A federal appeals court, arguing that the Supreme Court’s abortion rights rulings leave too little room for states to limit the procedure to protect fetal life, has urged the Justices to reconsider a basic idea behind Roe v. Wade. The idea, never explicitly abandoned by the Court, is that states are forbidden to ban abortions before a fetus is capable of living outside the woman’s body.
The U.S. Court of Appeals for the Eighth Circuit, in a new ruling on Wednesday involving the nation’s most restrictive abortion control law, argued that the so-called “fetal viability” approach has become “unsatisfactory” because it has not kept pace with changes in fetal medicine. Although the North Dakota law at issued was struck down, the three-judge panel made it clear it ruled that way because the Court had given it no choice, but that it was troubled at having to do so. State legislatures, not courts, should be making decisions about the state of medical science, it said.
This marked the second time in recent months that the same three Eighth Circuit judges have raised doubts about using fetal viability as the crucial factor in analyzing state power to curtail or bar abortions. They did so in a ruling in May, striking down a less restrictive Arkansas law. In that case, the state’s lawyers had not challenged the testimony on when a developing fetus would be viable. The panel thus said that lawyers, especially for a state defending an abortion ban, had a special duty to put before a court the latest in fetal medicine findings.
The three judges had heard the Arkansas and North Dakota cases on the same day, but issued separate rulings, released about two months apart.
This time, with North Dakota’s lawyers strongly disputing the viability point, those judges moved further in their critique, directly calling on the Supreme Court to reconsider. “Good reasons exist,” it said, “for the Court to reevaluate its jurisprudence….To begin, the Court’s viability standard has proven unsatisfactory because it gives too little consideration” to a goal that the Justices themselves have said they support, protecting a state’s “substantial interest in potential life throughout pregnancy.”
Those words are a quotation taken from the Court’s 1992 decision in a Pennsylvania abortion case (Planned Parenthood v. Casey) partly reaffirming Roe v. Wade. That decision, though, had left in place the view that, before fetal viability, a state could not constitutionally prohibit abortions, although it could impose some forms of regulation.
The abortion issue is likely to return to the Court at its next Term, in several cases. Already awaiting the Court’s reaction are new cases from Mississippi and Texas testing a state’s power to limit abortions by imposing new medical practice standards on clinics and doctors. State lawyers in Arkansas and North Dakota have the option of asking the Court to review their new laws, which are direct rather than indirect measures to stop abortions at earlier stages in pregnancy.

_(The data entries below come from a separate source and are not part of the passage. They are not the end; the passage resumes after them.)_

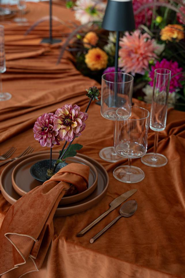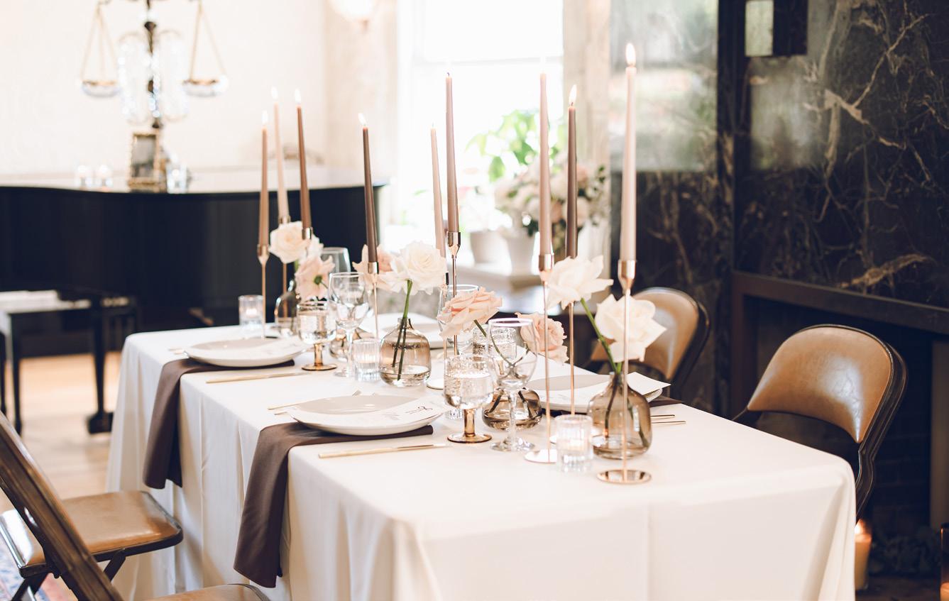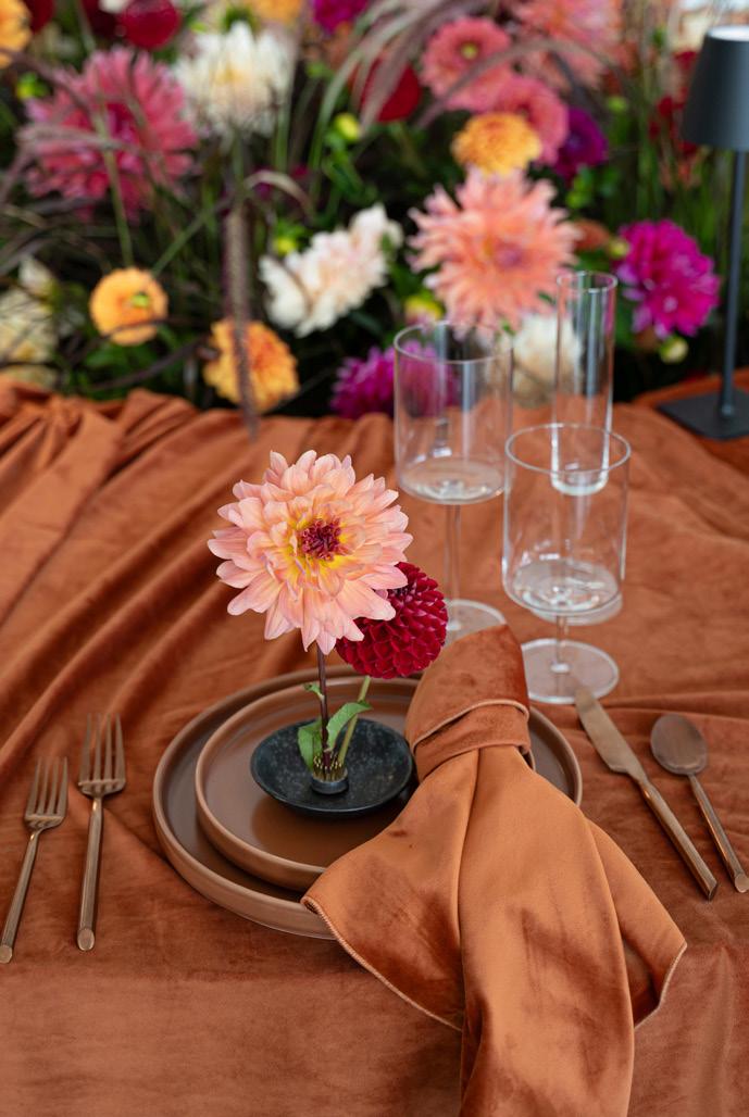 The 2025 Pantone Color of the Year, Mocha Mousse, ties it all together, appearing in dinnerware, décor, florals and desserts for a cohesive, sophisticated palette!
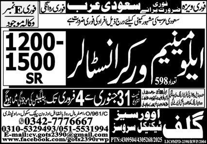 Gulf Abroad Technical Providers jobs commercial dated about 31 January 2026 in each day Specific Newspaper invitations utility for the vacant submit of aluminum employee, aluminum installer and aluminum employee installer in Riyadh, madina Saudi Arabia. Intermediate and Matric and so forth. academic qualification shall be most popular.
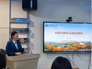 3月23日晚,华中师范大学文学院苏晖教授莅临“文心大讲堂”,在318报告厅作题为“外国文学研究与中国话语建构”的学术报告。报告由宋德发教授主持,何云波教授、莫小红副教授、郝二涛副教授、袁娜博士,以及来自亚洲精品国产精品、外国语学院的40余位研究生聆听了报告。
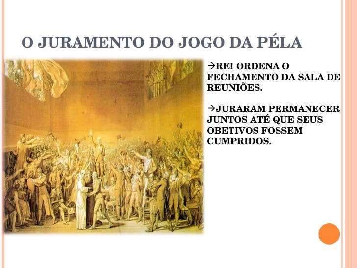 O que foi o juramento da Sala do Jogo da Pela? Trata-se de um episódio que se associa à Revolução Francesa. Ocorreu no dia 20 de junho de 1789, após a corte ter impedido a efetivação da reunião da Assembleia na sala onde se costumava realizar, fruto da sua política de oposição ao Terceiro Estado.

The North Dakota law would ban abortions after about six weeks of pregnancy, because it would impose a ban as soon as a fetal heartbeat could be detected, and it is generally understood that this could occur as early as the sixth week. The Arkansas law is also keyed to detection of a fetal heartbeat, but it would not impose a ban until the twelfth week of pregnancy. The Eighth Circuit struck down both, finding that neither could meet the long-standing “fetal viability” test, since the Supreme Court had ruled several times that viability was not likely before the twenty-fourth week.
In both of its rulings, the Eighth Circuit panel had credited arguments and evidence which suggested that doctors are now able to keep fetuses alive if they are delivered at earlier stages of pregnancy than the twenty-fourth week. The panel actually took note of a report of one fetus surviving after being delivered at twenty-one weeks and six days.
In the North Dakota case, the panel appeared also to credit the argument of state lawyers that the science of fetal survivability has now advanced to the point that a fetus can be saved, as a “test tube baby,” by being taken out of the woman’s body as early as the sixth day, and then replaced for continued development to childbirth. If a state could act to protect the developing pregnancy at that very early point, it would come close to being able to regulate close to the moment of conception — a long-term goal of abortion opponents.
The Eighth Circuit, besides analyzing what it took to be new evidence about the viability issue, interpreted Supreme Court decisions since Roe v. Wade as actually recognizing that fetal viability is not a fixed phenomenon, and may be established at earlier points in pregnancy than the twenty-fourth week.
That is the kind of policy issue, the panel said in its latest ruling, that the Justices’ abortion rulings have taken away from state legislatures.
The Eighth Circuit also interpreted more recent rulings by the Court on abortion rights as being more focused on fetal protection. “The evolution in the Supreme Court’s jurisprudence,” it said, “reflects its increasing recognition of states’ profound interest in protecting unborn children.”
North Dakota’s lawyers have the option of asking for en banc rehearing of the case by the full Eighth Circuit, or else taking the case directly on to the Supreme Court. Arkansas’ lawyers failed earlier this month to get en banc rehearing in their case in the Eighth Circuit.
The two rulings by the panel were made by Circuit Judges Duane Benton, Bobby E. Shepherd, and Lavenski R. Smith. The Arkansas ruling was issued “per curiam” — that is, for the panel without designating a specific author. Judge Shepherd authored the North Dakota opinion, with support of his two colleagues.